Stored data entries:
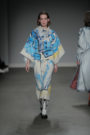 Stavrevra Kreator’s story took us all the way back to 1996, tearing it apart and recreating it all over again. The year in which strong shoulders, pinstriped suits and extra special grooming for men were in fashion. We can hardly remember this was the nineties style, but Stavrevra helped refreshing our memory. She had a whole pack of models, the cool gang, who could have walked straight out of that era. They looked cool and careless in their oversized suits, smudged make-up and out of style sunglasses. As they marched the runway as a group one or two looks were highlighted after each other with every single strutt. A fun choreography to watch and an interesting styling game going on for sure. Bang bang!
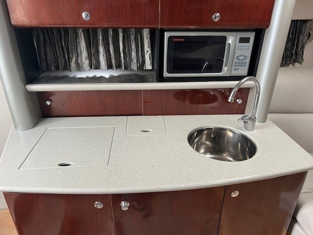 The galley is compact yet functional, equipped with a microwave, a stainless steel sink, a refrigerator, and a stove. Solid-surface countertops and ample storage cabinets make meal preparation and storage convenient and efficient.
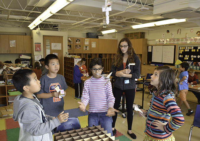 Helping to teach the students some aeronautical engineering principles was Jenna Commisso, a junior in aerospace, whose dream job is to be an astronaut. Commisso volunteered to be involved in the Yankee Ridge outreach because she was very involved in the community at her old college, and when she transferred to Illinois, she wanted to get involved in this community as well.
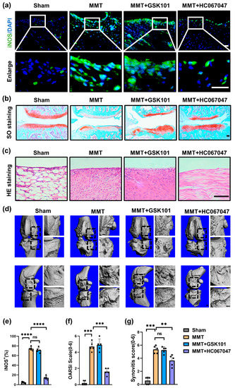 To study the role of TRPV4 in M1 synovial macrophages in OA, MMT surgery was used to induce a rat OA model [26], and inhibition of TRPV4 alleviated OA and inhibited M1 synovial macrophage polarization by intra-articular administration of HC067047. After 8 w of MMT surgery, mice acquired the pathological characteristics of OA, involving breakdown of cartilage, inflammation of the synovium (synovitis), and formation of osteophytes (Figure 3b–d). However, compared to the MMT group, the MMT + HC067047 group showed less infiltration of M1 macrophages (iNOS+) in the synovium (Figure 3a,e), indicating that TRPV4 inhibition suppresses M1 synovial macrophage polarization in vitro. Furthermore, consistent with the decrease in M1 macrophages, cell infiltration of the synovium was also reduced following HC067047 treatment (Figure 3c). Analysis of representative images of the cartilage extracellular matrix revealed that inhibition of TRPV4 could delay the breakdown of cartilage in the MMT-induced OA rat model (Figure 3b). The synovitis score and OARIS scores both decreased significantly (Figure 3f,g). Moreover, osteophytes, a major feature of OA progression [27], decreased significantly after HC067047 administration (Figure 3d). In conclusion, TRPV4 suppression caused by intra-articular administration of HC067047 could prevent M1 synovial macrophage polarization and OA development in vivo.
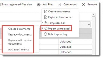 - Replace old revision of documents: Click this option to replace the old revision of documents f using the generated template. On clicking this option Bulk Import Wizard is displayed. The procedure for importing the files using the wizard is the same as before.
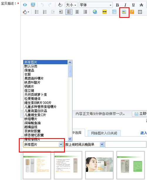 接著是寶貝描述的圖片,在寶貝描述的編輯框,選擇圖中的上傳圖片,會(huì)出現(xiàn)圖片的選項(xiàng),選擇從圖片空間選擇,然后選擇之前上傳圖片的那個(gè)分類,按照順序插入就可以了~~
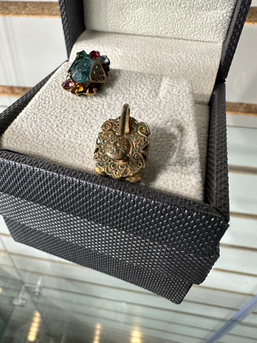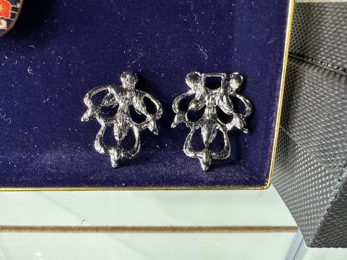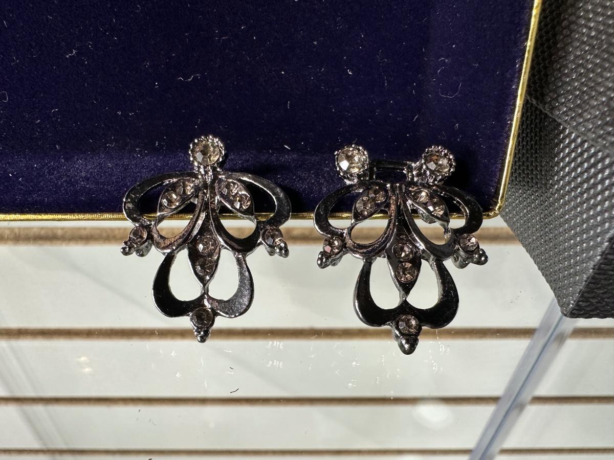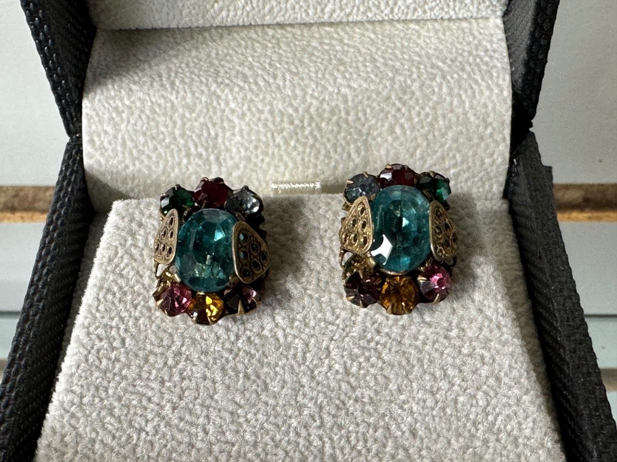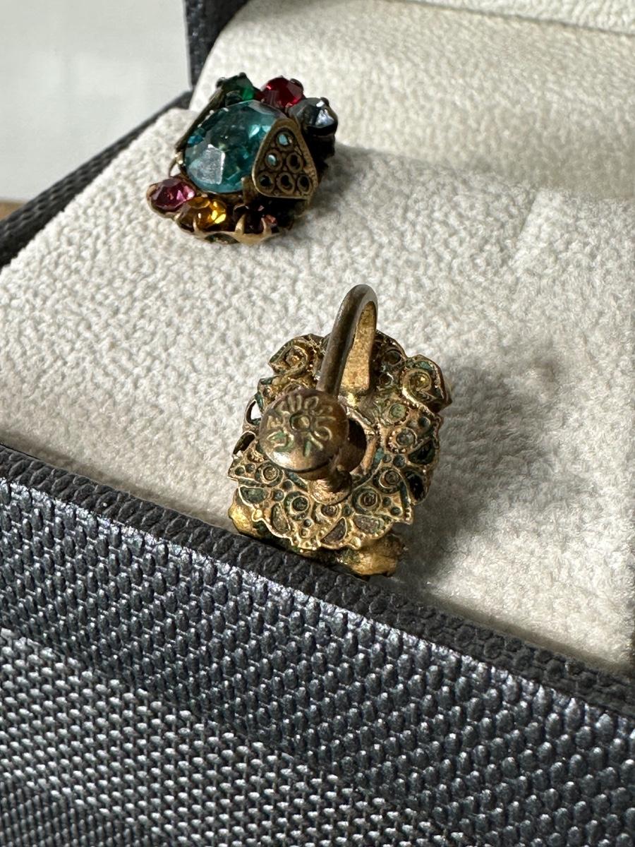 VINTAGE DUCKS PUFFY OVAL CLOISONNÉ ENAMEL NECKLACE, RETRO ELEGANT RHINESTONE SWEATER CLIPS AND VINTAGE MULTICOLORED GOLD TONE PRONG EARRINGS
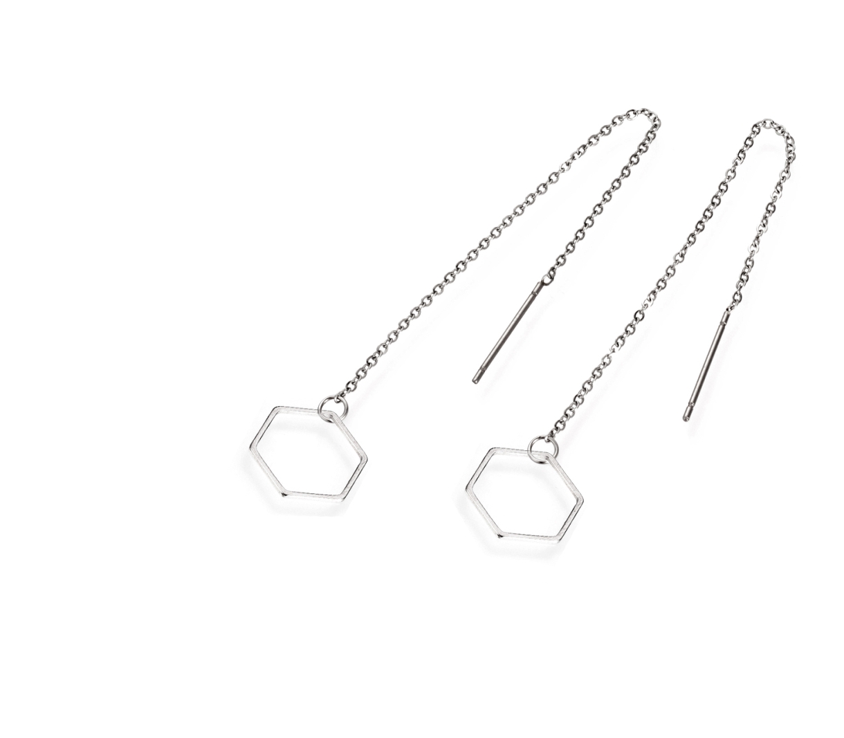 Cerceii asimetrici Lănțișor Hexagon fac parte din Colecția Minimal, sunt o pereche de cercei populari, simpli și de efect, confecționați din oțel inoxidabil.
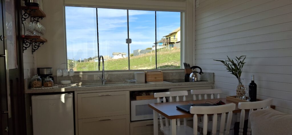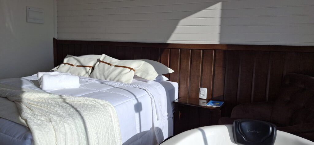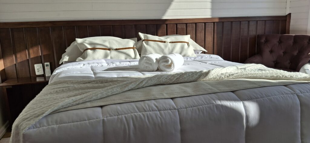 Cada cabana foi planejada para proporcionar bem-estar real, sem exageros e sem promessas vazias.; cama de alto padrão hoteleiro, enxoval selecionado e iluminação cênica em LED; cozinha equipada e ambientes integrados para quem deseja estender a estadia; deck externo pensado par ver o nascer ou o pôr do sol com taça de vinho na mão.
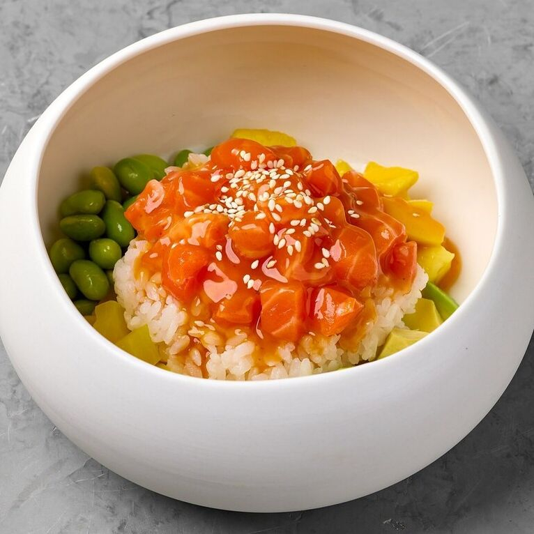 Заказать Лосось, рис, манго, бобы эдамаме, такуан, авокадо, соус манго-чили, заправка на основе меда, соевого соуса и сока лайма, кунжут.
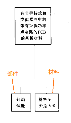 如果部件或者材料不能滿足上述要求,則周圍的部件(上方50mm高,20mm直徑)需要經(jīng)受針焰測試,或者材料滿足V-1等級以上的要求。
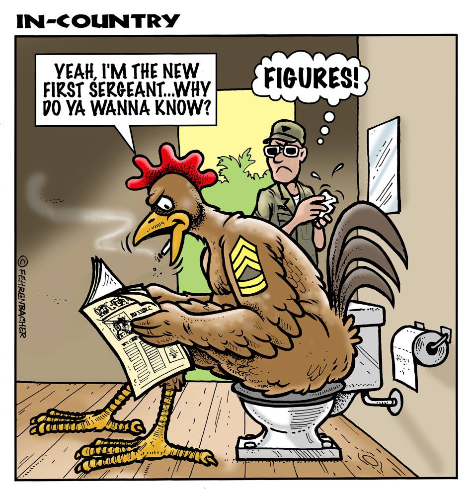 Phil enlisted in the Army in 1965 where you served for years in Vietnam.  He became a graphic designer and has worked for the state of Oregon for 26 years.  He retired in 2003 and started the Cartoon "In-Country".  The cartoons reflect his experiences during his tour of duty in South Vietnam.
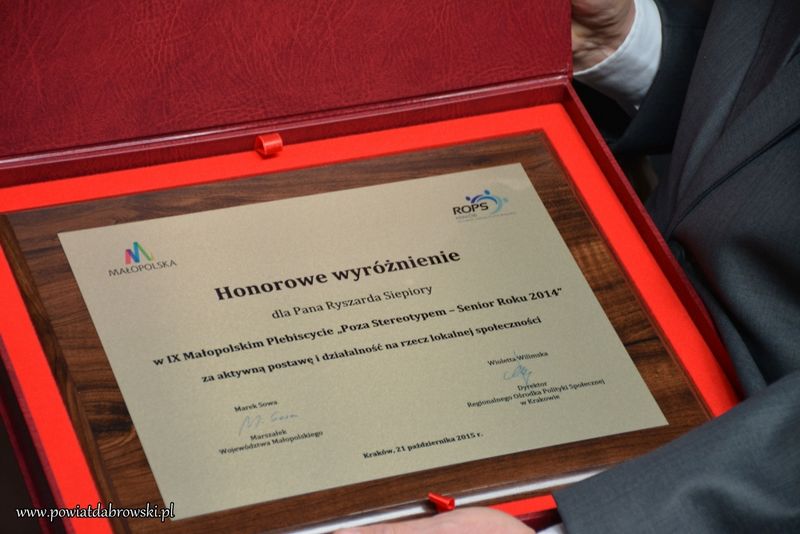 21 października 2015 r. mieszkaniec naszego powiatu Ryszard Siepiora z Dąbrowy Tarnowskiej otrzymał honorowe wyróżnienie w organizowanym przez Regionalny Ośrodek Polityki Społecznej w Krakowie, IX Małopolskim Plebiscycie „Poza Stereotypem – Senior Roku 2014”.
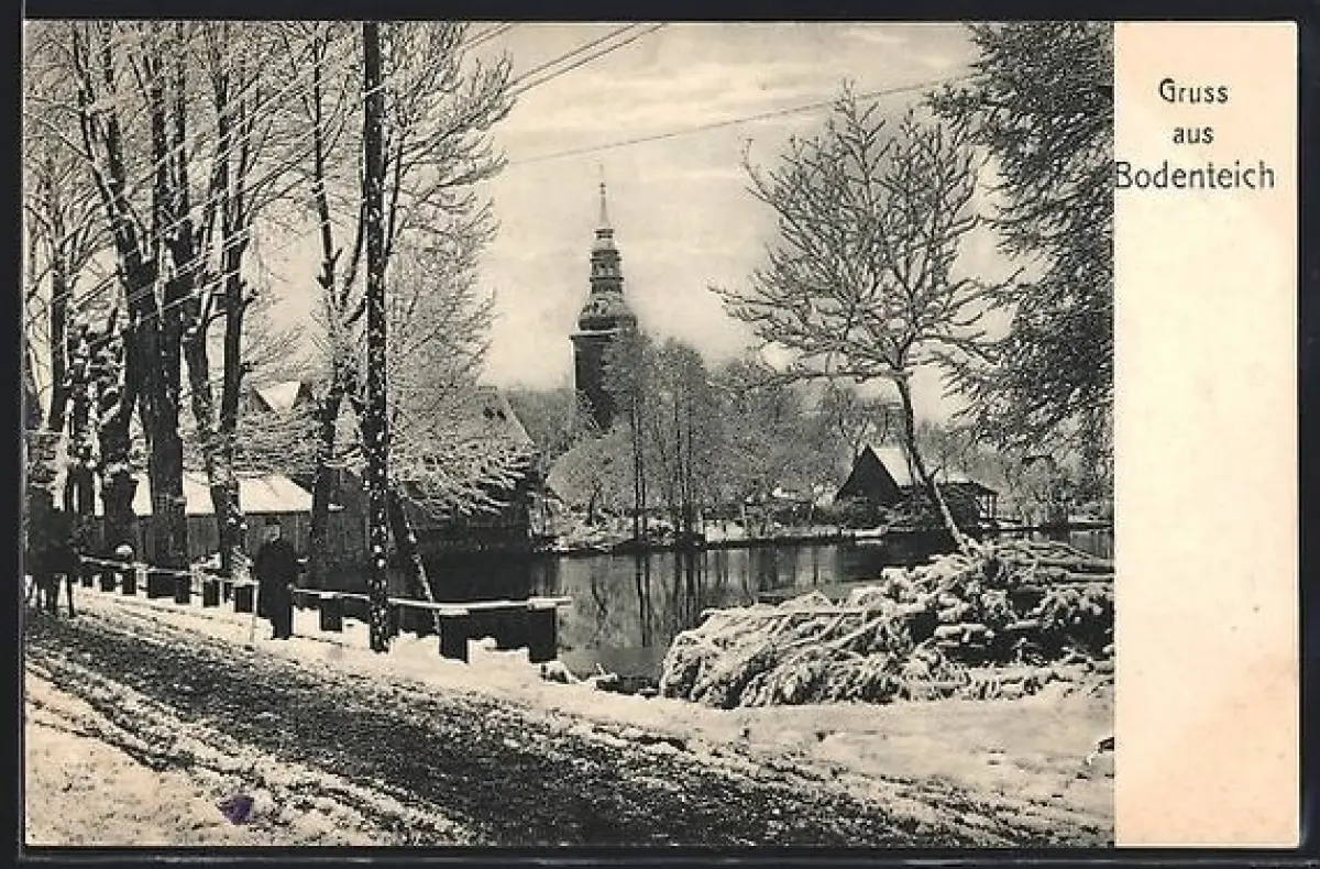 AK Bodenteich, Strassenpartie mit Kirchblick im Winter
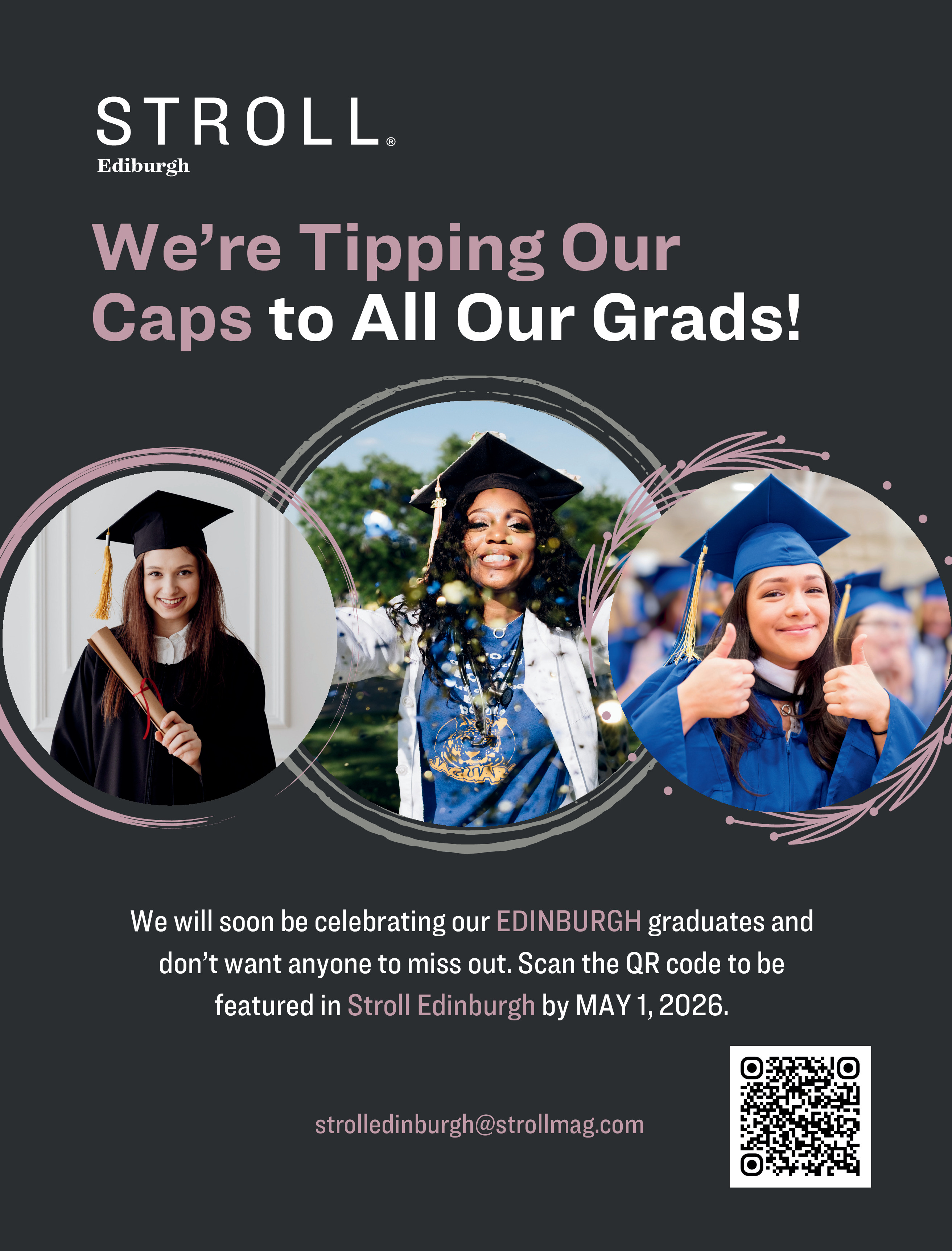 We are looking forward to celebrating the Class of 2026 inour June Edition of Stroll Edinburgh! Submit your information by May 1 to be included in this special Graduation Edition. https://forms.gle/u6ffKSiedAwtCPXb7
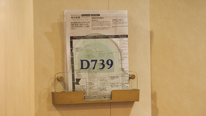 日々の船内生活に欠かせない船内新聞は、前日の夜に船室に届けられます。翌日開催されるイベントや講座などの場所や開始時間などが記載されており、これを見ながらスケジュールをたてることができます。
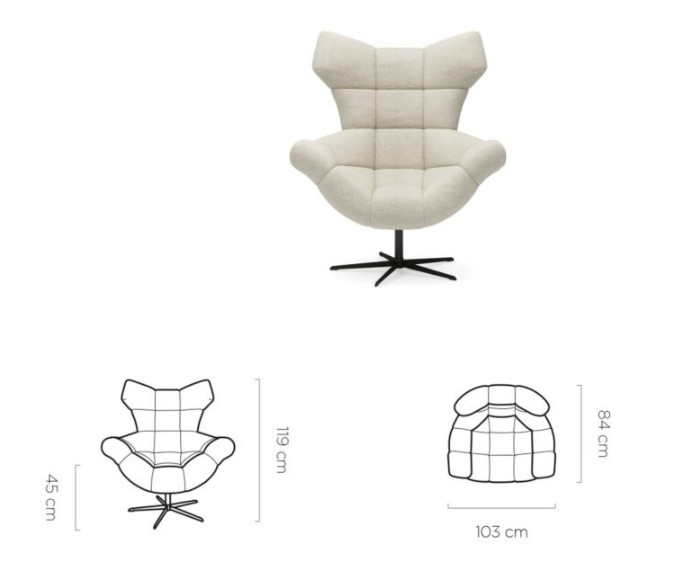 Kreslo v modernom dizajne, luxusné prevedenie za dostupnú cenu. Na výrobu sa používajú vysoko kvalitné výstielky sedáku s vlnovcovými pružinami. Sú navrhnuté podľa najnovších ergonomických princípov a testujú sa na vysokú spolahlivosť a životnosť. Dostupný je veľký výber poťahových látok pre každého.
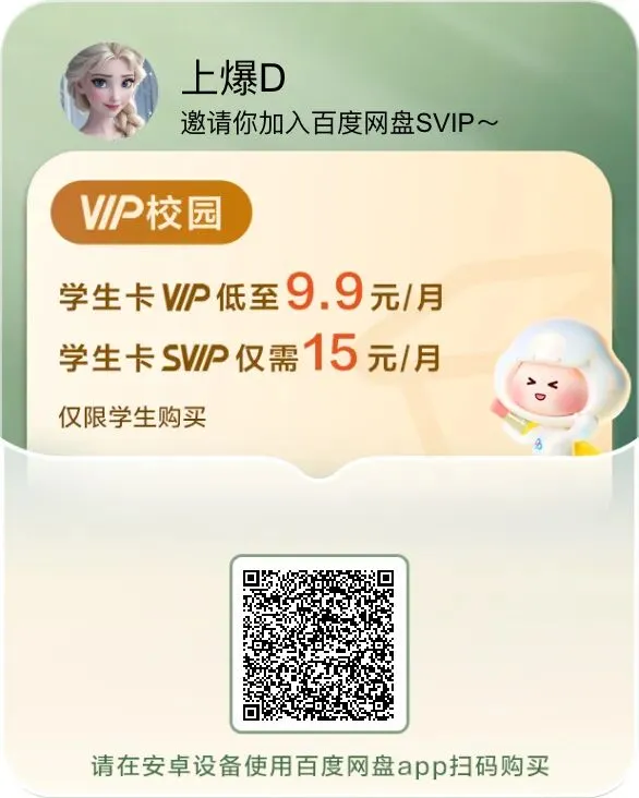 百度网盘超实用功能助你学习事半功倍!每月一杯奶茶钱享会员特权!扫码立即购买

- Brief:
The line containing "Kreslo v modernom" marks the start: set down exactly that line and every line after it through the last line of the data, without any pictures.

- Response below:
 Kreslo v modernom dizajne, luxusné prevedenie za dostupnú cenu. Na výrobu sa používajú vysoko kvalitné výstielky sedáku s vlnovcovými pružinami. Sú navrhnuté podľa najnovších ergonomických princípov a testujú sa na vysokú spolahlivosť a životnosť. Dostupný je veľký výber poťahových látok pre každého.
 百度网盘超实用功能助你学习事半功倍!每月一杯奶茶钱享会员特权!扫码立即购买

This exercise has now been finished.